Seadrill Ltd. (SDRL), held by billionaire John Fredriksen, plans to take over Sevan Drilling ASA (SEVDR) and its deepwater oil and gas rigs after acquiring more than half the company’s shares at a price Sevan’s board says is too low.
Seadrill increased its stake to 50.1 percent, buying 116.9 million shares at 3.95 kroner each, and will submit a mandatory offer for outstanding equities, it said today in a statement.
That price “undervalues Sevan Drilling’s assets and prospects, and represents a significant discount to latest analyst consensus net asset value estimates and target prices,” Sevan Drilling said today in a separate statement.
The company rose 17 percent, the biggest gain since Dec 2, 2011, to 3.98 kroner by 11:22 a.m. in Oslo.
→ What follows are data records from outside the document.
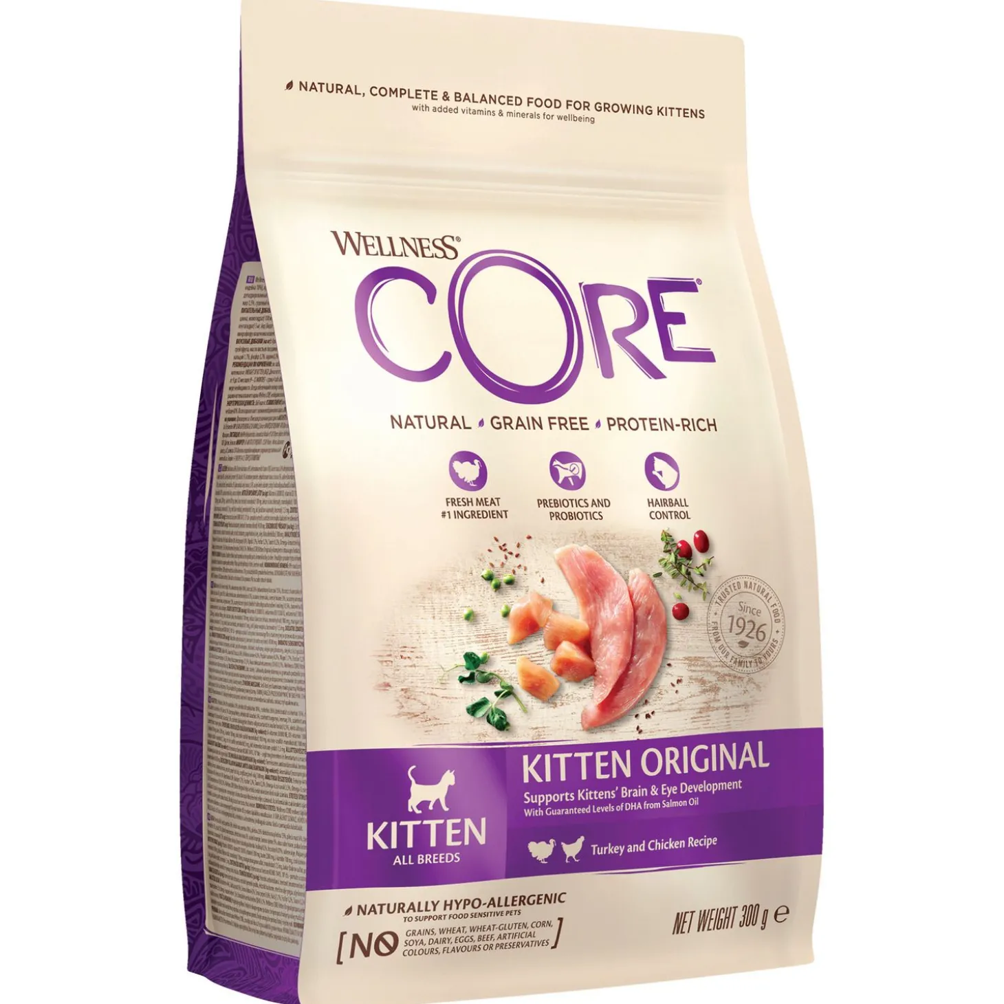 Wellness Core Kitten is volledig hypoallergeen, het bevat geen granen, tarwe, gluten maïs, soja, zuivel en ook geen kunstmatige geur-, kleur- en smaakstoffen. Een heerlijke vleesrijke maaltijd waar je kat volop van zal genieten.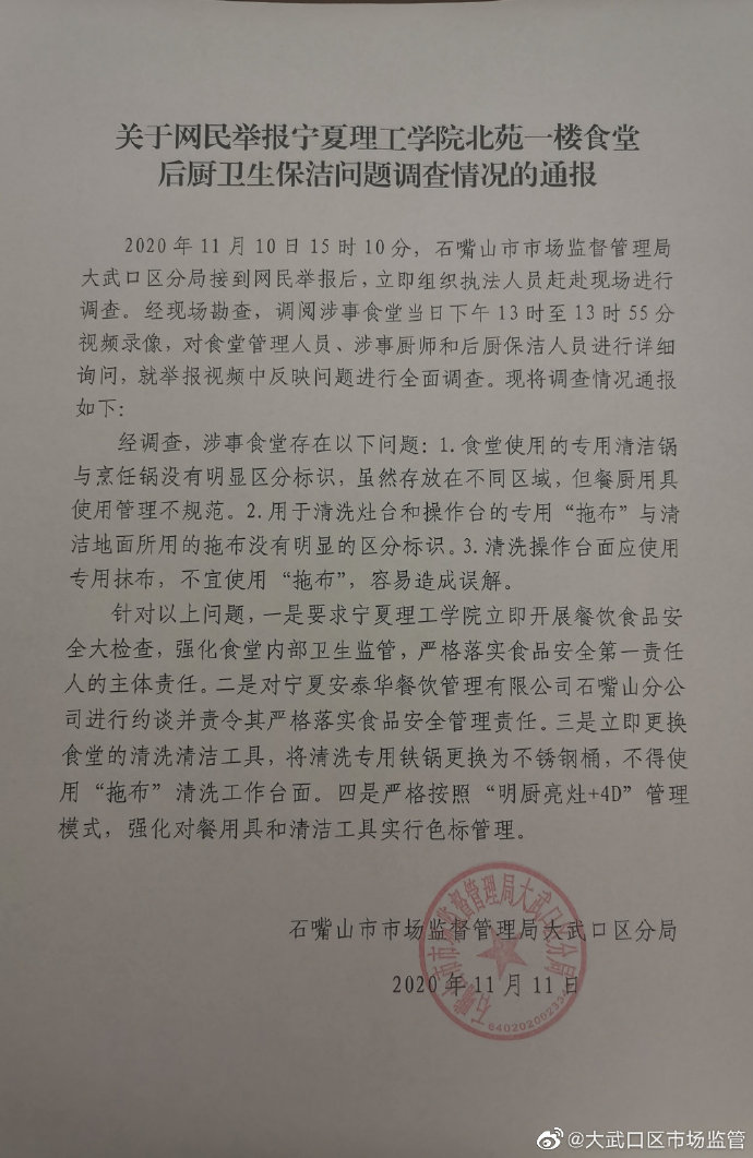 据宁夏石嘴山@大武口区市场监管 微博11日消息,针对网民举报宁夏理工学院北苑一楼食堂后厨卫生保洁问题,经调查,食堂使用的专用清洁锅与烹饪锅没有明显区分标识,虽然存放在不同区域,但餐厨用具使用管理不规范。用于清洗灶台和操作台的专用“拖布”与清洁地面所用的拖布没有明显的区分标识。清洗操作台面应使用专用抹布,不宜使用“拖布”,容易造成误解。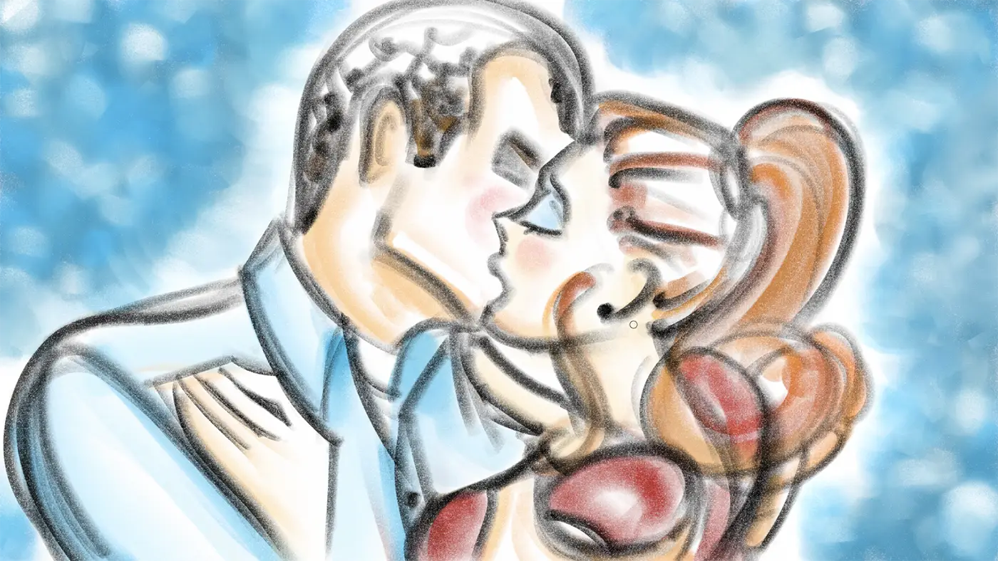 (As the guitar starts coming in, Doyle and Marcella emerge from their walk down memory lane but remain locked in their kiss)
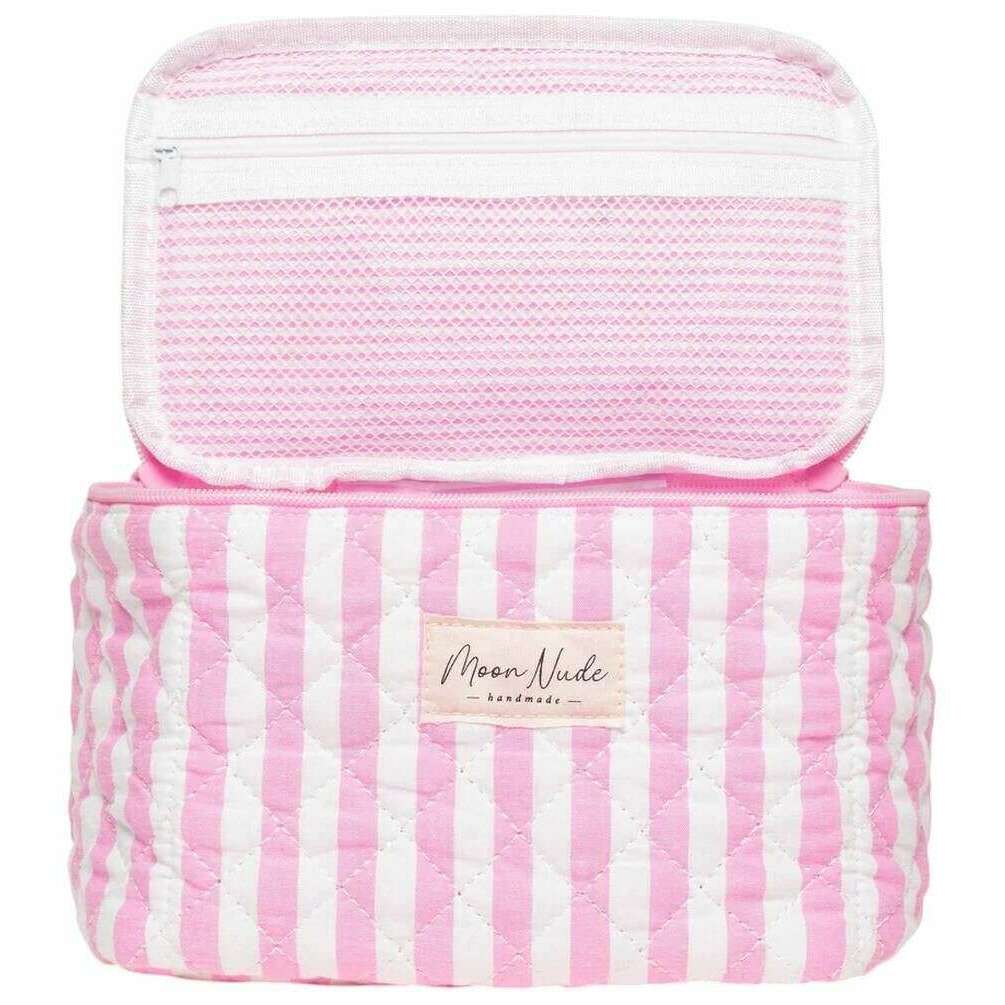 Utilisant du coton rose à 100 %, ce vanity barbie de Moon Nude est parfait pour les femmes et un incontournable. Il mesure 16 cm (hauteur) x 22 cm (largeur) x 14 cm (profondeur). Il est recommandé de laver à la main à l'eau froide avec un détergent doux, ou de laver à l'envers sur un cycle délicat. pour conserver ce sac en bon état. Tous les sacs sont livrés avec un emballage Moon Nude. Le sac de toilette Moon Nude Barbie - Rose/Blanc est une nécessité absolue pour les voyages ou pour un usage quotidien. Ce sac de vanité est garanti pour garder tout votre maquillage ou vos soins de la peau au même endroit, tout en étant élégant et à la mode avec son design matelassé fait à la main.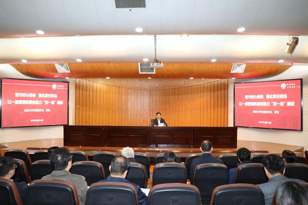 关于河大人的初心和使命,雷霆指出,育人育才、兴学强国是河大人百余年来始终坚守的初心使命。立德树人是我们办学价值的最大体现,也是我们必须承担的核心使命。建设“双一流”是我们贯彻落实党中央和国务院战略决策的重大举措,是实现新时代中原更加出彩的内在要求,是学校实现百年名校振兴的最佳途径,也是河大人的重大使命。

That’s 50 percent below its initial public offering price in 2011. Hamilton, Bermuda-based Seadrill gained 0.2 percent to 241.1 kroner.
The offer price for Sevan Drilling, which owns two ultra-deepwater drilling units and two more being built, values the rigs at $535 million each, Pareto Securities ASA said today.
Seadrill ordered a rig with “premium ultra deepwater” capabilities at an estimated cost of less than $650 million, the company said in a statement on May 4, 2012. It also agreed to buy a rig from Songa Offshore in November for $590 million.
Seadrill didn’t immediately respond to a telephone call and e-mail sent by Bloomberg News today seeking comment.
The company, already a Sevan Drilling shareholder, said yesterday it aimed to buy a controlling stake to halt financing plans that would destroy shareholder value. “Seadrill will seek to propose an alternative and improved financing,” it said.
Sevan Drilling said June 19 it had agreed terms on a $1.45 billion, five-year bank facility. Together with a $500 million bond sale, it would give the Oslo-based driller enough cash to pay for the completion and mobilization of its two new units, scheduled for delivery in September 2013 and April 2014.
Seadrill, the largest owner of ultra-deepwater drilling rigs after Vernier, Switzerland-based Transocean Ltd., is taking advantage of rising demand from oil companies that are extending searches for reserves into deeper and harder-to-access regions.
Fredriksen controls Seadrill with a 24.5 percent stake.